2. Place the rice in a colander and wash thoroughly to get rid of the excess starch. Repeat until the water runs clear. (Alternately, place the rice in a large bowl and cover with water. Swish the rice with your hand until the water is cloudy. Drain and repeat until the water remains clear.)
3. Bring a medium pot (preferably nonstick) of water to a rolling boil and add enough salt to the water so that it’s mildly salty, and then add the rice. Cook until the rice is soft on the outside and still hard on the inside, 3 to 4 minutes. Take one grain of rice, and if you can break it into two using your fingertips, it’s ready. Drain the rice and rinse with cold running water to stop the cooking.
4. Return the pot to the stove and turn the heat to medium. Make sure the pot is completely dry, then add 1/3 cup vegetable oil and the bloomed saffron water. Tilt the pot to coat the bottom.

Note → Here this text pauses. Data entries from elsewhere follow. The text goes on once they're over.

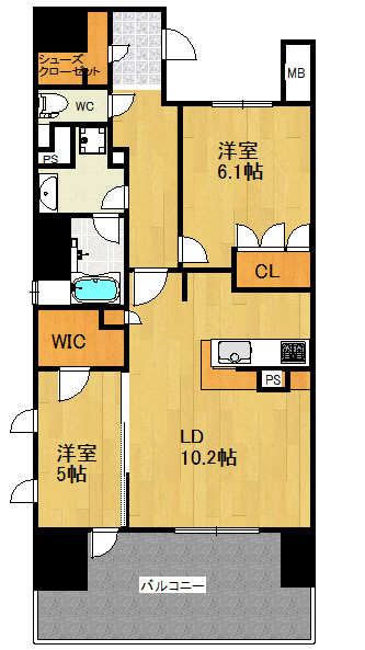 | 間取り詳細 | LD 10.2帖 洋室 5帖 洋室 6.1帖 |
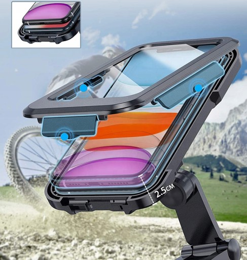 Водонепроникний тримач для телефону має закриту конструкцію, що робить його безпечнішим за більшість наявних на ринку тримачів. Забезпечує рівень водонепроникності IPX6, щоб повністю захистити ваш телефон від бризок, дощу, снігу, бруду та пилу. Він має унікальну систему регулювання гвинтового кріплення та стійкий до ударів. Чохол захищає телефон від падінь.
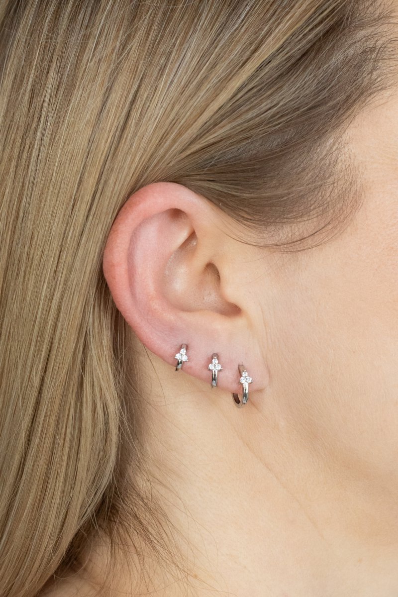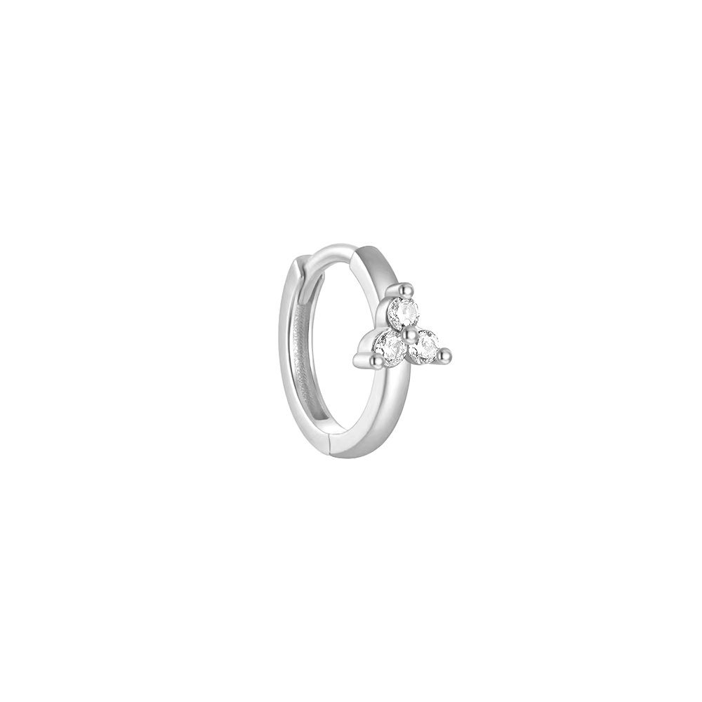 hey! Flora huggie M - srebrny kolczyk kółeczko z potrójnymi cyrkoniami. Minimalistyczny a zarazem uroczy, dla dziewczyn lubiących niecodzienny i wyrafinowany styl. Idealne na prezent.
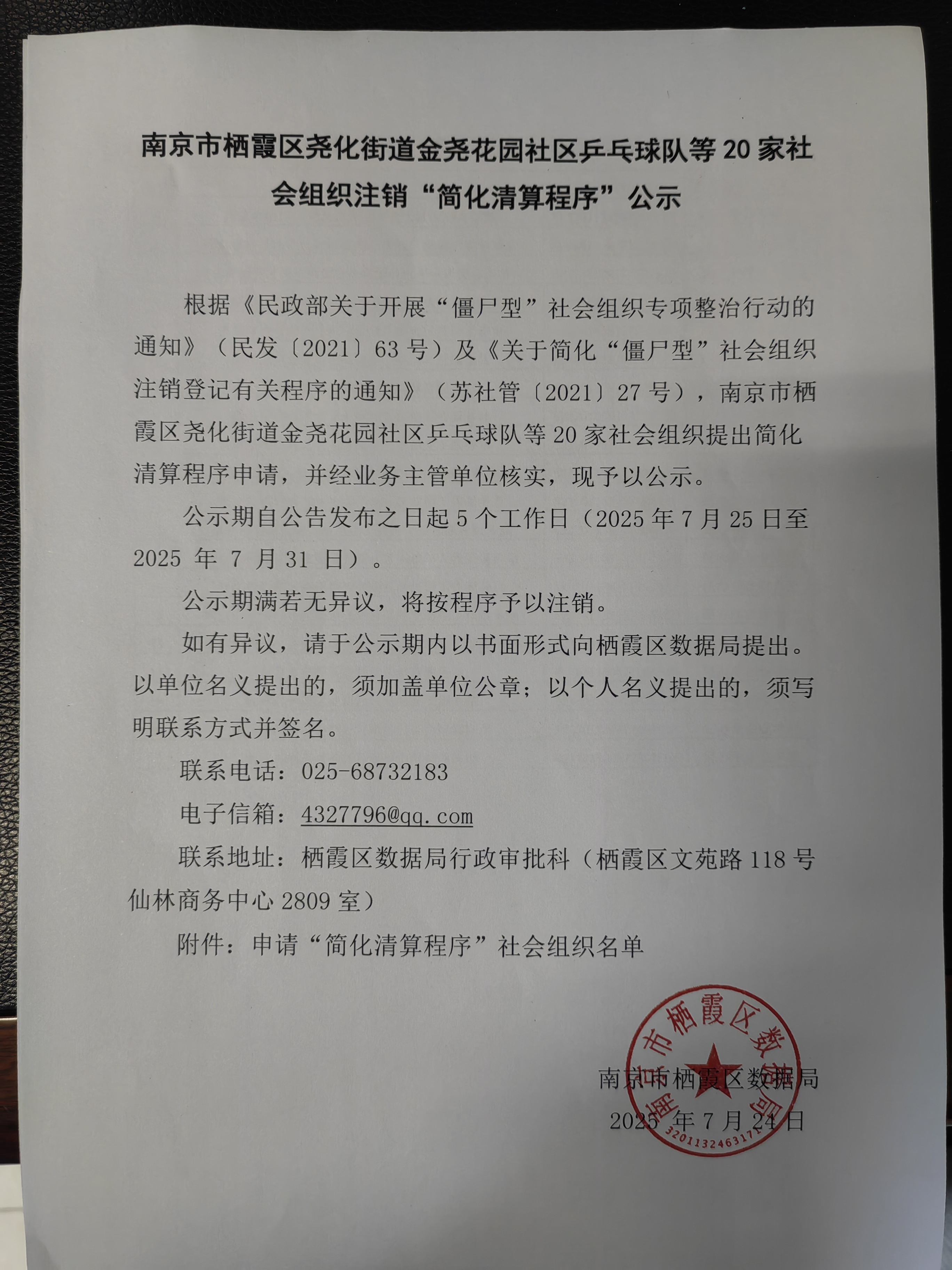 南京市棲霞區堯化街道金堯花園社區乒乓球隊等20家社會組織注銷“簡化清算程序”公示
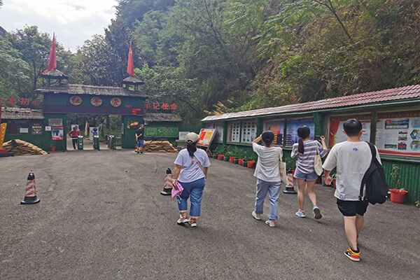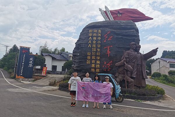 “幕阜行旅”队员在平江县汽车站集合出发,乘车途经1.5小时车程来到平江县长寿镇仙姑岩红军营进行学习调研工作。天气炎热,但无法消退队员们“重走红军路”的坚定信念,队员们在“红军哨卡”、“红军指挥所”、“红军大舞台”、“军需库”、“红军井”、“藏军洞”等遗迹进行参观学习。“幕阜行旅”成员了解到,平江是中国革命的发祥地、中国工农红军的摇篮之一,曾发生过平江起义等重大历史事件,是中国四大将军县之一,从这里先后走出了64位共和国将军,长寿镇有18位。1928年彭德怀发动了平江起义,创建了中国工农红军第五军,随后率部奔赴井冈山。在途经长寿、龙门时,与敌人浴血奋战,突出重围。一部分伤员便转移到仙姑岩。仙姑岩属丹霞地貌,山高壑深,下为平地,自然山险形成屏障,为当年红军游击队伍提供了栖身之所。革命先辈方正平与吴钦民等曾以此地为据点,开展了长达三年之久的游击战争,至今依然保留了许多红军遗迹。
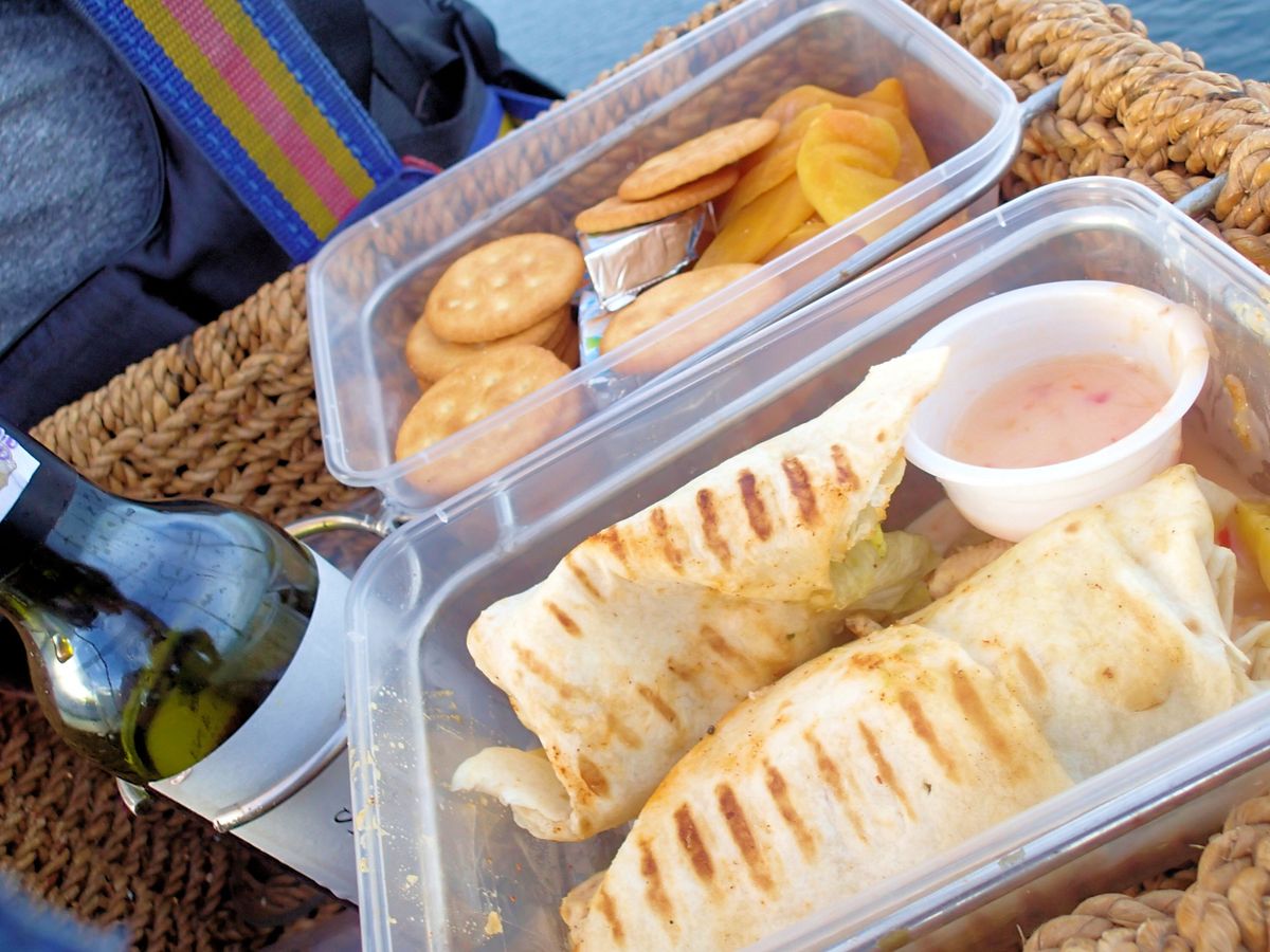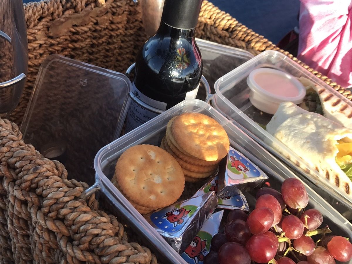 軽食の内容はワインボトル、サンドイッチとフルーツでした。そこそこのボリュームだったので、飛んでいる間に完食できませんでしたが、後で持ち帰り用に紙袋に入れてくれました。
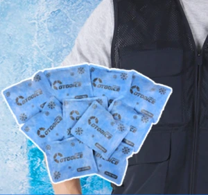 다음은 얼음 조끼다. 매쉬 소재의 조끼 안쪽에 주머니가 4군데 있다. 천천히 녹는 냉매가 들어간 얼음을 네 군데 주머니에 채워 넣고 착용하는 조끼다. 이 조끼를 입으면 당장은 시원하다. 한 20분 정도 시원하지만 일을 하다 보면 조끼 안쪽에 습기가 차게 된다. 땀과 습기가 힘을 합쳐서 몸통을 공격하면 꿉꿉함이 더해진다. 그러니 얼음 조끼의 효과는 대략 30분 정도다.

5. Arrange the potato slices in a single layer in the pot and top with the parboiled rice. Form it into a mound, but don’t press it down. Use the handle of a wooden spoon to make five holes in the rice for steam to escape. Pour the 1/2 cup of water around the edges, wrap the lid in a clean kitchen towel and cover the pot.
6. Cook about 7 minutes. Drizzle the remaining 1/4 cup oil over the rice and cover the pot again. Reduce the heat to medium-low and cook until the rice and potatoes are fully cooked, about 30 minutes.
7. Taste the rice to make sure it’s cooked through. If the grains are still hard (which is unlikely), drizzle an additional 1/4 cup water over the rice and let steam for 10 minutes more.
8. To serve, transfer the rice to a platter and then carefully lift or scrape the potatoes off the bottom of the pot and place them, crispy side up, on top of the rice.
Nutrition | Calories: 469; Total Fat: 22 g; Saturated Fat: 2 g; Cholesterol: 0 mg; Sodium: 36 mg; Carbohydrates: 63 g; Dietary Fiber: 3 g; Sugars: 1 g; Protein: 6 g.